Wednesday, October 28, 2015

South Dakota's Badlands--land of stone and light

Pointed peaks in stratified rock of the Badlands National Park
When visiting national parks, we like to watch films that are shown in visitor’s centers. These are usually beautifully done and provide history of the park in a concise and understandable way.
So one morning during our stay at Cedar Pass Lodge in Badlands National Park, we moseyed into the nearby Ben Reiffel Visitor  Center to look at exhibits and watch the 22-minute film called “Land of Stone and Light.”

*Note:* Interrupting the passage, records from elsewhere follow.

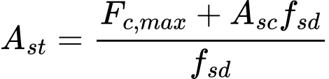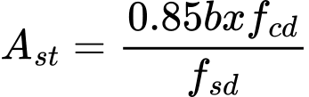 Providing the location of the neutral axis is less than the allowable one (x < xmax), the program determines the area of tensile reinforcement Ast from the expression:
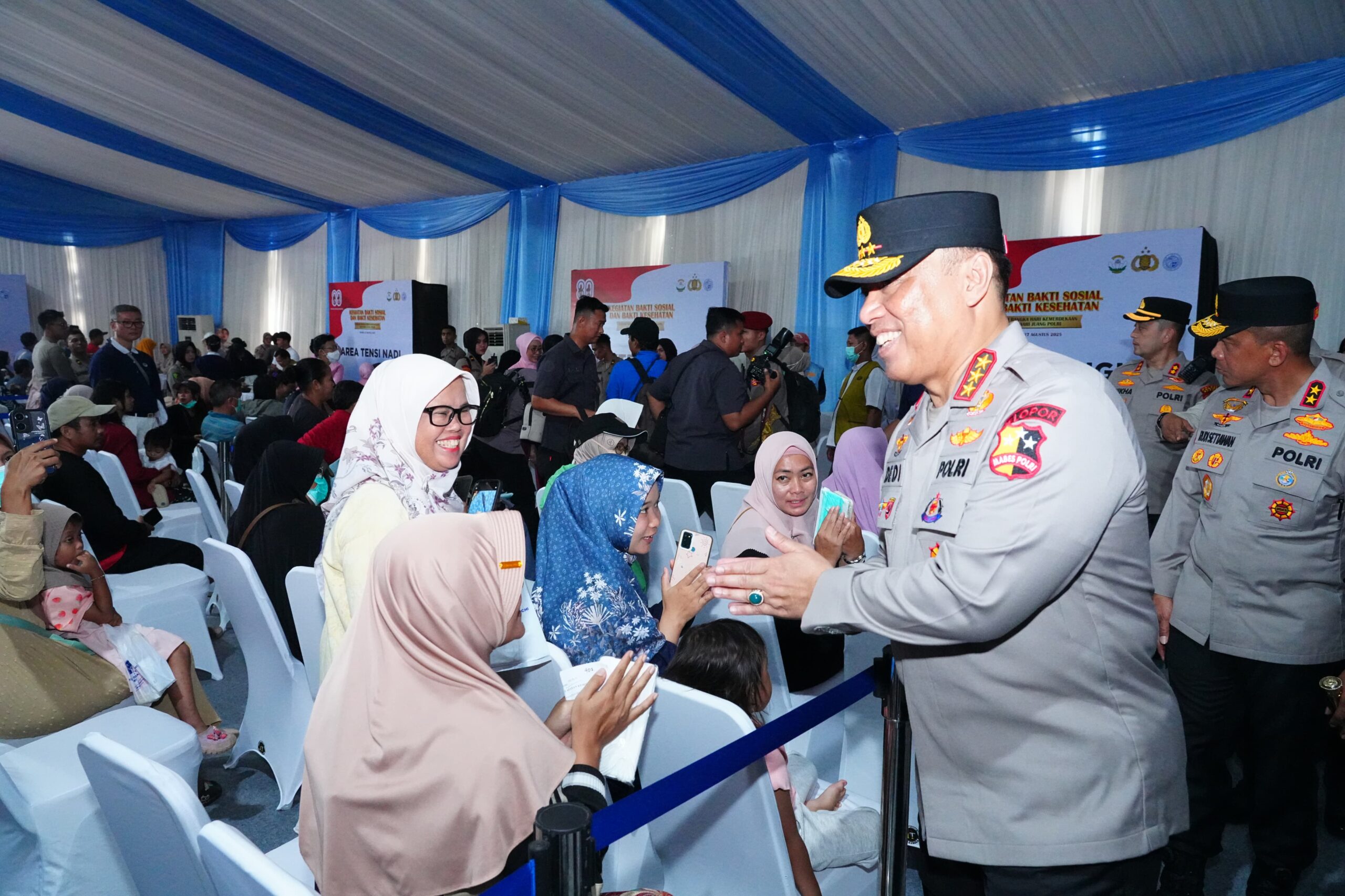 Dengan penuh semangat, Wakapolri menyambut warga yang antusias untuk mendapatkan layanan kesehatan gratis dan paket bantuan sosial. Beliau berjabat tangan, bercakap-cakap, dan bercengkerama serta harapan masyarakat setempat, menunjukkan komitmen Polri untuk hadir di tengah masyarakat.
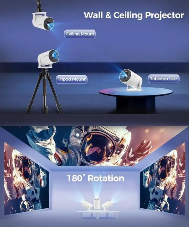 Built-in dual band WiFi 6 & 180°Rotatable Portable ProjectorIt doesn't require fixed installation, allows for flexible adjustment of projection angles,can project onto the ceiling, and is not constrained by the environment offers unparalleled versatility and convenience. Built-in dual band 5G Wifi 6, experience reduced latency and improved responsiveness, ideal for video conferencing, and other real-time applications, ensuring smoother, more immersive experiences without delays or lag

Rounded rock formations actually contain an interesting palate of color.
From that film we learned that human history of the location goes back 12,000 years. The Lakota Indians were nomadic tribes whose lives depended on buffalo for shelter, clothes (skin and fur), food and cooking—really everything.
Buffalo are thriving now in the Badlands. They play an important
part in the ecosystem of the park.
When the U.S. government made treaties with the Lakotas in the mid-1700s, they were forced to end their nomadic way of life and settle on reservations. White men then hunted buffalo nearly to extinction and put up fences. Resistance from the Lakotas ended with the battle and massacre of many Lakotas at Wounded Knee in 1870.

Larry hiking the Notch Trail into the Badlands
Then came homesteaders in the early 20th century.  Looking for a “good” life and free land , these people were called “sod busters.” They discovered that the land was not conducive to farming, and small scale farming was a hard way to make a living. Bitterly cold winters and fierce winds made for harsh conditions, and many left.

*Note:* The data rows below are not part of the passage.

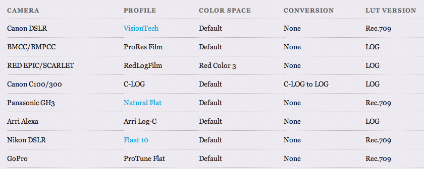 These LUTs are available in REC 709 and LOG versions. The suggested workflow is to apply the LUTs in post production between your primary and secondary corrections (primary corrections > LUT > secondary corrections). If you are not sure about using REC 709 or LOG, here’s a handy chart to help you out (click image for larger view):
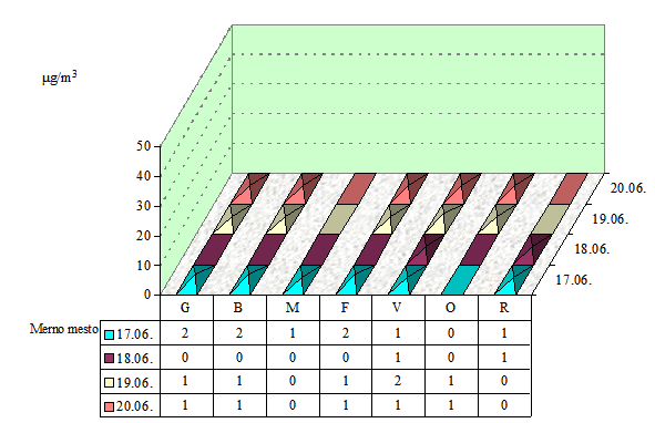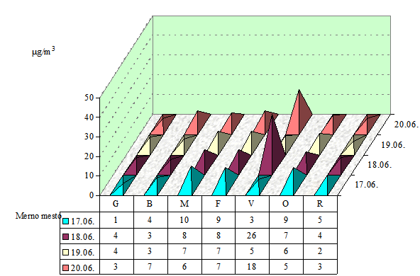 Napomena: 0 - ispod granice detekcije 0,5 µg/m3
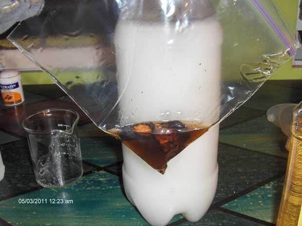 • 1 bolsa de zip-loc, 1 botella de pop de 2 litros vacía y una botella de spray limpia.
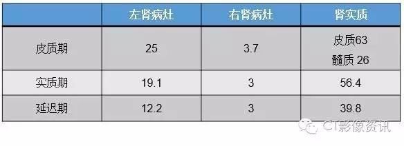 表二:增强能谱扫描双肾及肾实质各期碘基物质测量结果
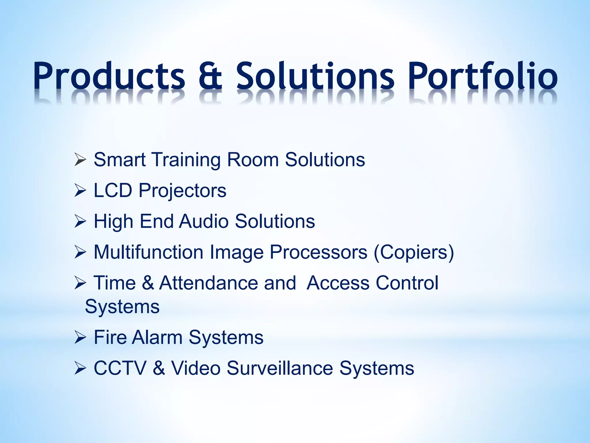 This document provides an overview of products and solutions offered across multiple categories: 1) Smart training room solutions including interactive boards and pods; 2) LCD projectors in various sizes and formats; 3) High end audio solutions such as PA systems and speakers; 4) Multifunction image processors like copiers and scanners; 5) Time and attendance systems using fingerprints or RFID; 6) Access control, fire alarm, and CCTV surveillance systems. A wide range of options are presented from reputable brands with services including installation and support.
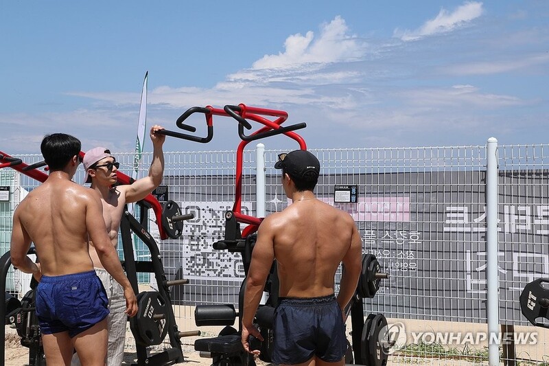 | ▲ '바닷바람 맞으며 운동을'…강릉 강문해변 머슬비치 (강릉=연합뉴스) 류호준 기자 = 16일 강원 강릉시 강문해변 머슬비치에서 피서객들이 운동하고 있다. 2024.8.16 ryu@yna.co.kr |
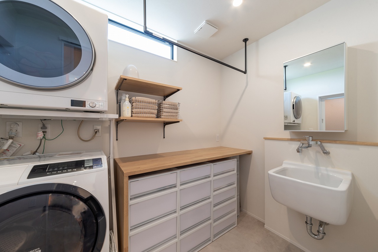 キッチン奥には脱衣室兼ランドリールームが。スロップシンクや作業ができるカウンターを設けられており、充実したスペースになっています。また、スロップシンクは手洗いや洗面にも活用でき、セカンド洗面台としても活躍しています。

Hikes brought us very close to the rugged
rock formations.
For a long while no one was interested in the area except geologists who studied the layers of rock. During the prehistoric period, ash from volcanic eruptions fell on the Badlands, and rain washed rock from the Rocky Mountains there. Layers developed: pierre shale (the lower level), brule (mid-level dark stripes), and sharps (top formations).
Climatic change, river deposits, and volcanic eruptions—followed by erosion—created what we know as Badlands. About 500,000 years ago wind, weather, and time began a period of erosion that has resulted in what we see today.

Beautiful colors glow in late afternoon night.
As part of a dynamic and changing earth, the rocks are eroding at the rate of one inch per year. It’s possible that the stratified rock formations of the Badlands may be gone in another 500,000 years. In the meantime, plants and animals must adapt to a harsh environment with cold winters, hot summers, and wildly variable precipitation amounts.
A formation called "the window." You can see why.
In 1843 fossils from a prehistoric creature apparently related to dinosaurs were discovered in the layered landscape. These bones, from animals that no longer exist, encouraged creation of a new science---paleontology. That’s still a primary study in the park, and there’s a lab at the visitor center where people can watch scientists in action.

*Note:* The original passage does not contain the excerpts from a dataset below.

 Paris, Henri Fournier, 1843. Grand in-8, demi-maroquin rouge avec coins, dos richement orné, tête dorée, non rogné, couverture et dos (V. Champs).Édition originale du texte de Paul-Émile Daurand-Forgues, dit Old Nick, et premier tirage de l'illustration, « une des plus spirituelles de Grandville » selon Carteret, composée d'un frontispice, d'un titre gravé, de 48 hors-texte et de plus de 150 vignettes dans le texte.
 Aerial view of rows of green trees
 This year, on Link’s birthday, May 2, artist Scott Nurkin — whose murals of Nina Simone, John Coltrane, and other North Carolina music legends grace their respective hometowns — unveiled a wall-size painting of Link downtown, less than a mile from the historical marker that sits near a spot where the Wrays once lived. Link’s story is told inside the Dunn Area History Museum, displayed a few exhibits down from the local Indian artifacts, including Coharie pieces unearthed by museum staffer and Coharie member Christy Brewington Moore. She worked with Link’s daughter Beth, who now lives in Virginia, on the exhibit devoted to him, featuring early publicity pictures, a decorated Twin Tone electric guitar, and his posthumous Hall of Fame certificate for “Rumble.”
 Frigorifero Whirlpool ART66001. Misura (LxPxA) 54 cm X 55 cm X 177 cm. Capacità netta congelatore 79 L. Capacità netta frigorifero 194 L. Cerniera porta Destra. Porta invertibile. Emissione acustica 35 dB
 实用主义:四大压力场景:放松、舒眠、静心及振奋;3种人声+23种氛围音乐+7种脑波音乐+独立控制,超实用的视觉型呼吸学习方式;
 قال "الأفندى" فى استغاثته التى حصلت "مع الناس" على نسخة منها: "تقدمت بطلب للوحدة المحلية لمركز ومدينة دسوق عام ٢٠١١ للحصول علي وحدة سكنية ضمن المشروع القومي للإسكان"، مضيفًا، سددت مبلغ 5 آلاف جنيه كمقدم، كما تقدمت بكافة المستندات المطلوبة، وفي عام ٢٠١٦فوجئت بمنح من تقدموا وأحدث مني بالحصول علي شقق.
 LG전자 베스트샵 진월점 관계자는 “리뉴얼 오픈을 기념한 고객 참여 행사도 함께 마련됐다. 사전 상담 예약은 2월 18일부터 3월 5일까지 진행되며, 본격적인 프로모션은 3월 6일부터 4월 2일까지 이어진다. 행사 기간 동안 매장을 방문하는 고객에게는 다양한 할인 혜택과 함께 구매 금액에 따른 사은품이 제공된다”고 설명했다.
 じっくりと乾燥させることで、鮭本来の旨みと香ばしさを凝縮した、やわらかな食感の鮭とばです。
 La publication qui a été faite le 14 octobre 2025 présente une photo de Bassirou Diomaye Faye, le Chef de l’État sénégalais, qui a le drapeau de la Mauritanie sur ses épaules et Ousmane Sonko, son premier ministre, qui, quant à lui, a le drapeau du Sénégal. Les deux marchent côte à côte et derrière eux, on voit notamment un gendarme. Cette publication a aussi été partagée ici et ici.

Geologists are greatly interested in the layered peaks and buttes
of Badlands National Park in South Dakota.
People who come to the Badlands today are generally curious about nature and want to see this extraordinary place for themselves. Besides, I know that any land that has been designated a U.S. national park is worth visiting.
A national grassland covers the early landscapes of the park.
Actually, the Badlands is not desolate or forbidding but supports a variety of plant and animal life. It’s a living, changing land, unexcelled in scenic splendor. Visitors (myself included) who stay awhile, observe the artistically sculpted geology, and perhaps hike some of the many trails for a closer look come to appreciate this “fragile touch of wilderness” that changes with the rhythm of the wind.

Sunset seen through the rock formations of the Badlands.